I’m going to freeze some of my sperm so that if something goes wrong later in life, I can kill my nemesis with a disgusting icicle.
I can’t come into work. I opened a cursed sarcophagus and now I gotta put a pharaoh’s soul to rest. I DUNNO, TAD, I’LL PROBABLY BE IN MONDAY
Why is it spelled camouflage and not
I bet everyone had that one weird uncle who taught them how to do weird stuff like forage for berries or catch upstream salmon in their mouths and sleep for 6 months at a time just like my Uncle Bear
Starting to think I’m single because of everyone else’s shortcomings.
Sorry we can’t be friends, but you spent $50 on a wine scented candle because it smelled good instead of just buying me five bottles of wine.
“Those ducking cops will never catch me!”
– dialogue from the action-adventure video game Grand Theft Autocorrect
My Fitbit’s “SmartTrack” auto-recognized my riding lawn mower as a bicycle and congratulated me for burning 156 calories ipso facto I earned this ice cream
At some point the blessing in disguise is going to take off the disguise, right?
“I’m not really a big dog person.” – lying werewolf
But, soft! What light through yonder window breaks? / Are you still on your iPhone even though you said you were going to sleep?
The Discovery Channel should be on a different channel every day
Victorian photographers like “Okay we have a two deceased relatives propped in chairs package or our popular one deceased, multiple poses plus family pet package. We can include coffins but the trend now is to have some fun capturing pics where it’s unclear who’s actually alive”
Dear woman I saw jog down a busy street, run into a liquor store, buy two bottles of wine, and then jog back home,
Come back to me.
The best thing about humans is that many of the richest and most prosperous among us collect bottles of rotten grape juice.
It’s weird that on this date in Back to the Future they didn’t show people incessantly posting about Back to the Future.
[lying in bed after sex] my dad hit someone with his minivan in 1989.
Well I’m not really sure why you put “Baby: Ages 0-6” on your resume, but more importantly, why were you a baby for so long
“Wash your hair.

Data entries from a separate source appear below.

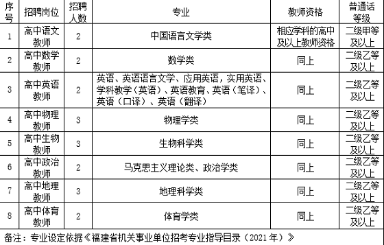 為滿足教育教學(xué)發(fā)展的需要,提高學(xué)校教師隊伍整體素質(zhì),根據(jù)學(xué)校實際情況,現(xiàn)制定莆田華僑中學(xué)考核招聘2022年新任教師工作方案如下: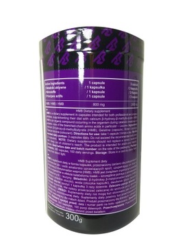 Skład: β-hydroksy β-metylomaślan (HMB), żelatyna (składnik otoczki), woda (otoczka kapsułki), dwutlenek tytanu (barwnik).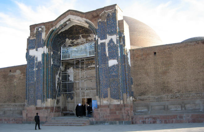 جهان شاه دؤورونون ان گؤرکملی عابده تیکینتیسی ۱۴۶۷–جی ایلده تاماملانمیش مظفرییه معمارلیق کومپلکسیدیر. اونون ترکیبینه جمعه مسجیدی، خانگاه، کیتابخانا، مدرهسه، توربه و دیگر تیکیلیلر داخیل اولوب. کومپلکسین قرب حیصهسینده ایسه جهان شاه حمامی یئرلشیب. بو نهنگ معمارلیق کومپلکسیندن دؤوروموزه یالنیز کومپلکسین باش تیکیلیسی – معمارلیق تاریخینه گؤی مسجید آدی ایله داخیل اولموش عظمتلی جومعه مسجیدی قالیب. ۲۰-جی عصرین اوللرینده تورک عالیمی ارسئون قید ائدیر کی، تبریزده سننی مسجیدینین (گؤی مسجیدین) پلانی بورساداکی یاشیل جامینی (۱۴۱۳–۱۴۲۱) چوخ خاطیرلادیر.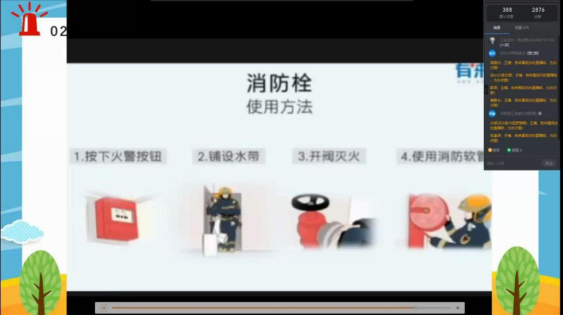 志愿者精心准备了消防员救火演练和灭火器操作指导视频,为同学们宣讲校园内易引起火灾的环境和原因,并重点对学生宿舍存在的消防安全隐患进行一一列举,提醒同学们在日常学习生活中一定要遵守学校的规章制度,确保个人与集体安全。在宣讲之后,同学们根据自身学习体会在评论区表达了关于消防安全的反思与感悟。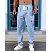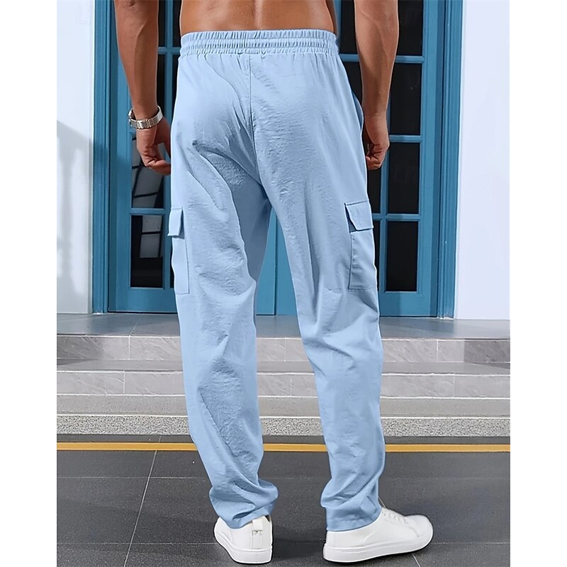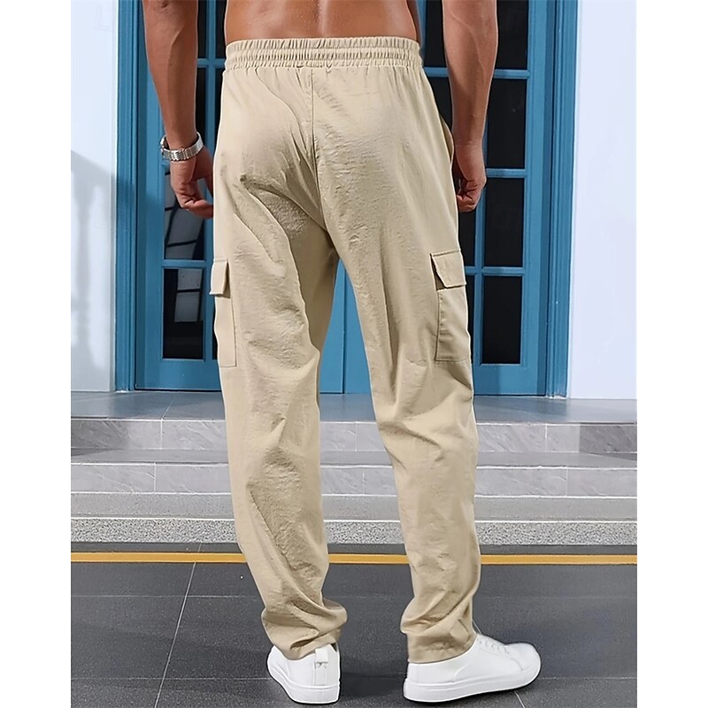 More information about Men's Linen Pants Trousers Summer Pants Beach Pants Elastic Waist Drawstring Multi Pocket Plain Comfort Breathable Vacation Daily Holiday Hawaiian Boho Black White

Wash your body.” Some of my best ideas come to me in the shower
Best vacation spots:
1. My Bed
2. My Couch
3. That corner spot at the bar
4. Air ducts at work
My IQ used to be higher than my weight, but now I’m fat and dumb.

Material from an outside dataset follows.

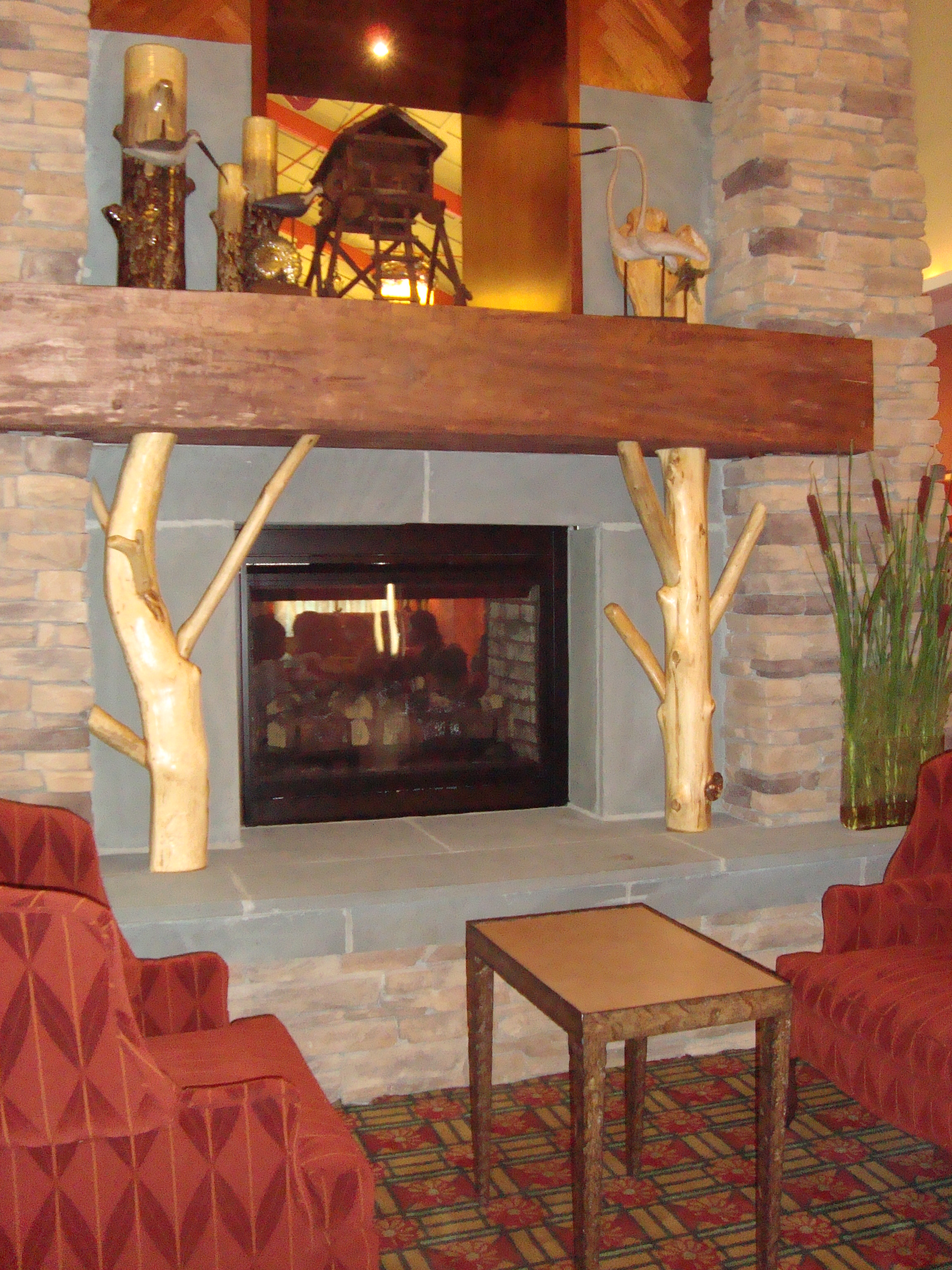 When I entered, I immediately told the manager that his Hilton Garden Inn was “gorgeous”. The reception was held in a bar which opened to a patio. The décor was modern Washington DC with artsy light fixtures and a clean, classy look. The other side of the hotel for overnight guests brings Great Falls indoors with original wood sculpture tables, a large stone fireplace, and an oversized Great Falls painting. I wanted to stay overnight. They had a chilli and hot dog bar set up for guests.

wife [talking to her pregnant friend] No matter how old they get you always have to remind them to do the dumbest things
me *walks out of the bathroom*
wife: Did you wash your hands?
me *goes back in the bathroom*
Me: Please wait to eat your Craisins until we’re in the car
*5 secs later
Me: What’re you eating?
5yo: *Mouthful of Craisins* ……Nothing
*Arrives at work 2 hrs late
Boss: HR wants to see you about your behavior
Me: Well, I literally just got here so it couldn’t have been me
Just found Elf on the Shelf in the bottom of my lingerie drawer. This explains so many things
My Dr. told me about a new med he wanted me to try and offered that there are some sexual side effects to which I replied “yeah I don’t do that!” instead of nodding quietly like a normal human.